Мост до момента соприкосновения с противоположным берегом представлял
собой рычаг, одно плечо которого - сам мост - длиной тысячу метров
удерживалось другим плечом, расположенным под углом девяносто градусов -
утесом трехсотметровой высоты, поверху которого и крепились тросы; осью
вращения рычага был стапель. Юнгман, используя формулу Кракси -Хомберга,
рассчитал, что прочности гранита, стальной фермы моста и тросов особого
плетения хватит даже с некоторым запасом - примерно пятнадцать-двадцать
процентов. Копитхеер же по запрещенной к использованию формуле Бернштейна
высчитал, что прочности каждого отдельно взятого элемента действительно
хватит, но в месте их взаимодействия, а именно там, где сталь вмурована в
гранит, из-за различия в прочностных характеристиках этих материалов
возникнут локальные напряжения, превосходящие критические. То есть в
момент, когда длина моста достигнет метров восьмисот - восьмисот
пятидесяти, начнется трещинообразование - вначале в месте закрепления
стапеля, а чуть позже - там, где крепятся тросы, то есть у основания
лебедок. Таким образом, сначала стапель "поплывет" назад, но это не так
страшно, это можно скомпенсировать; однако лебедки... Вначале трещины
будут распространяться локально, и сваи, на которых держатся лебедки,
станут чуть наклоняться вперед, как бы продавливаясь сквозь образующийся
щебень; образование щебня на некоторое время парирует нарастание
напряжений - до тех пор, пока длина моста не достигнет девятисот
пятидесяти метров; тогда микротрещины сольются в одну макротрещину, и весь
этот гранитный утес - то есть оба утеса, справа и слева от моста - как
отрезанные ножом, отделятся по линии пробитых скважин от основания и... и
все. Вместе с мостом.
Мост был длиной уже семьсот шестьдесят пять метров, когда состоялся
новый массированный налет. Почти две недели изматывания зенитчиков и
террора на дорогах привели к тому, что зенитный огонь весьма ослаб.

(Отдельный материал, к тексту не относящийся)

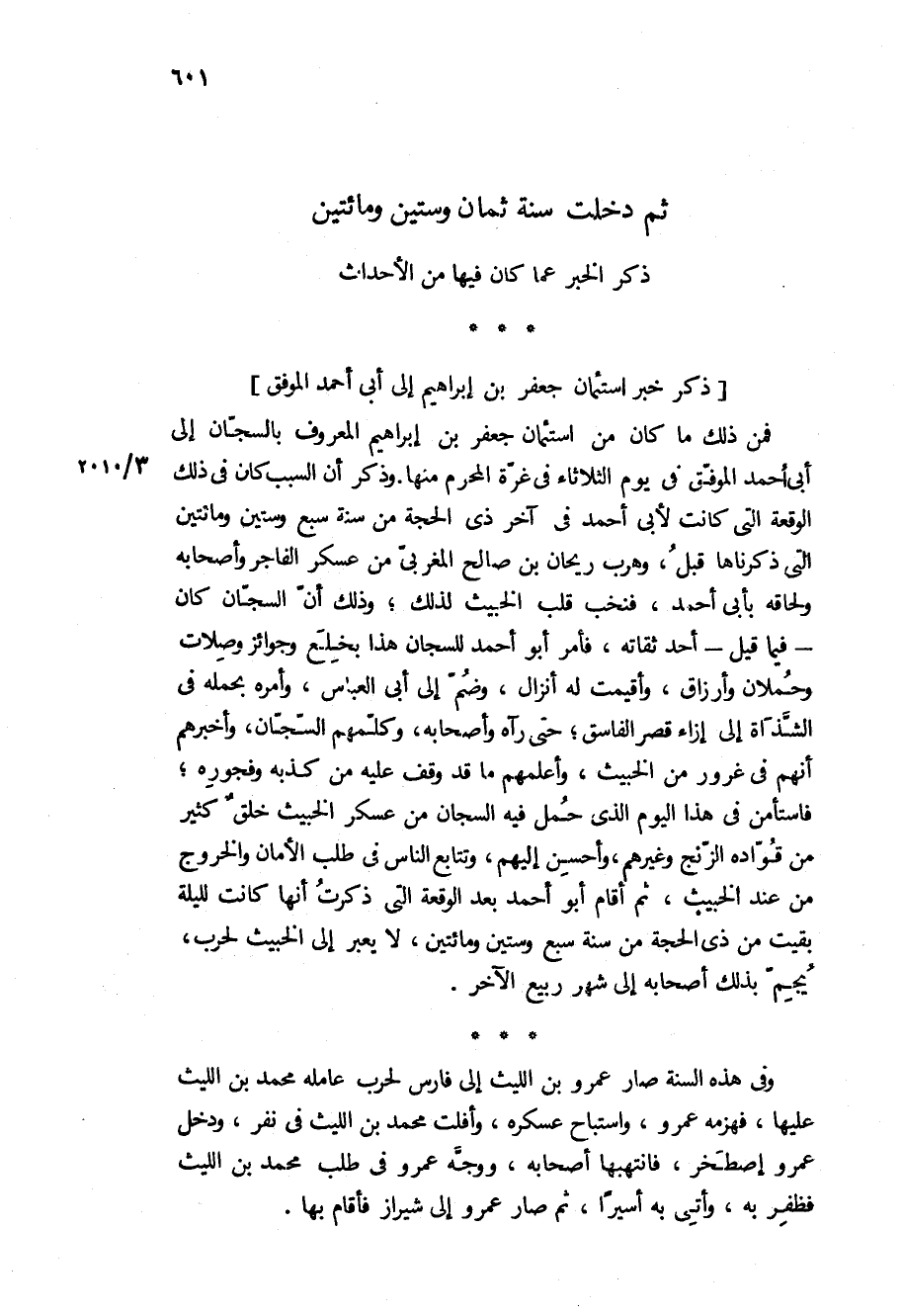 ذكر خبر استئمان جعفر بن ابراهيم الى ابى احمد الموفق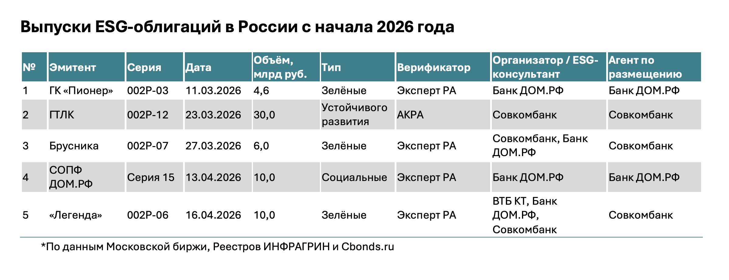 Совокупный объём пяти выпусков составил 60,6 млрд рублей, из которых 40,6 млрд пришлось на первый квартал, ещё 20 млрд — на первую половину апреля. Апрельский выпуск «Легенды» выделяется нетипичной для зелёных облигаций структурой: размещение прошло по дисконтной схеме, цена составила 60% от номинала, а основной доход инвестора формируется за счёт разницы между ценой покупки и погашения.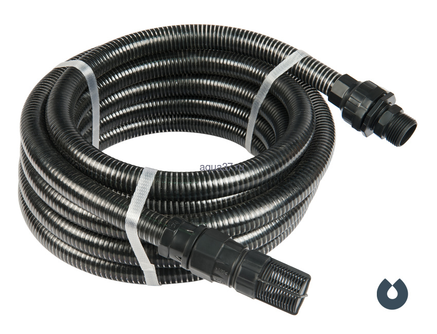 Шланги армированы пластиковой спиралью. На одном конце шланга - съемный обратный клапан с сетчатым фильтром, на другом конце - разборный соединительный фитинг для соединения с насосом.

Какое-то количество орудий вышло из строя, люди устали до безумия и еле
двигались, снарядов было в обрез... Первая атака по обычному сценарию: с
большой высоты, дразня, три эскадрильи отбомбились по батареям. И тут же,
без паузы, произошел второй налет - на бреющем полете одномоторные
пикировщики попытались прорваться к мосту. Что там попытались -
прорвались! Не промахнись ведущий, и все было бы кончено. Маневр,
предпринятый для атаки, был гениален: пикировщики, выстроившись цепочкой
там, над своим берегом, незамеченными подкрались к самому каньону, перед
мостом делали "горку", бросали бомбы и уходили в каньон, в мертвую для
зениток зону. Но ведущий промахнулся и вывел их чуть в стороне от цели, и
у них не было возможности перестроиться, потому что каждый шел в хвост
предыдущему, и все они четко повторили ошибку командира, и в тот момент,
когда они видели цель, у них уже не было возможности что-то исправить. А
когда ведущий, поняв, что его промах - это промах всех, пошел на второй
заход, зенитчики уже опускали стволы, и полсотни пушек ударили навстречу
пикировщикам. Шесть самолетов один за другим вспыхивали и рушились в
каньон, пока наконец пикировщики, не выдержав такого огня в лицо, не стали
отваливать в сторону.
Через полчаса появились новые самолеты - там, у противника, видимо,
твердо решили, что с мостом пора кончать. Бомбардировщики прорывались
сквозь поредевший огонь и бросали бомбы, как могли, прицельно. Петер,
полуослепший и полуоглохший, забился между толстенными балками стапеля и
продолжал снимать; несколько раз стапель содрогался так, что, казалось,
вот-вот все обрушится к чертям, но не обрушивалось - и бомбежка
продолжалась. Снова пикировщики попытались выйти на мост - их разметали,
но они продолжали кружиться, и то один из них, то другой начинали падать,
целясь по мосту; Петер заметил вдруг, что мост ходит ходуном, раскачиваясь
все сильнее и сильнее, и, наверное, поэтому они никак не могли в него
попасть - и эти раскачивания создавали странные, пробирающие до спинного
мозга звуки, звуки, совершенно свободно проникающие сквозь грохот боя:
будто в пустом пространстве настраивали исполинскую скрипку. Петер
непроизвольно огляделся, а может быть, его так передернуло, от таких
звуков впору было узлом завязываться, - и увидел сапера, старого своего
знакомца, того огромного парня с рубцом на щеке - забыл, как звать, -
сапер несся, катя перед собой, как тачку, эрликоновскую счетверенку и
ревел так, что Петер разобрал кое-что, когда сапер пробегал мимо него.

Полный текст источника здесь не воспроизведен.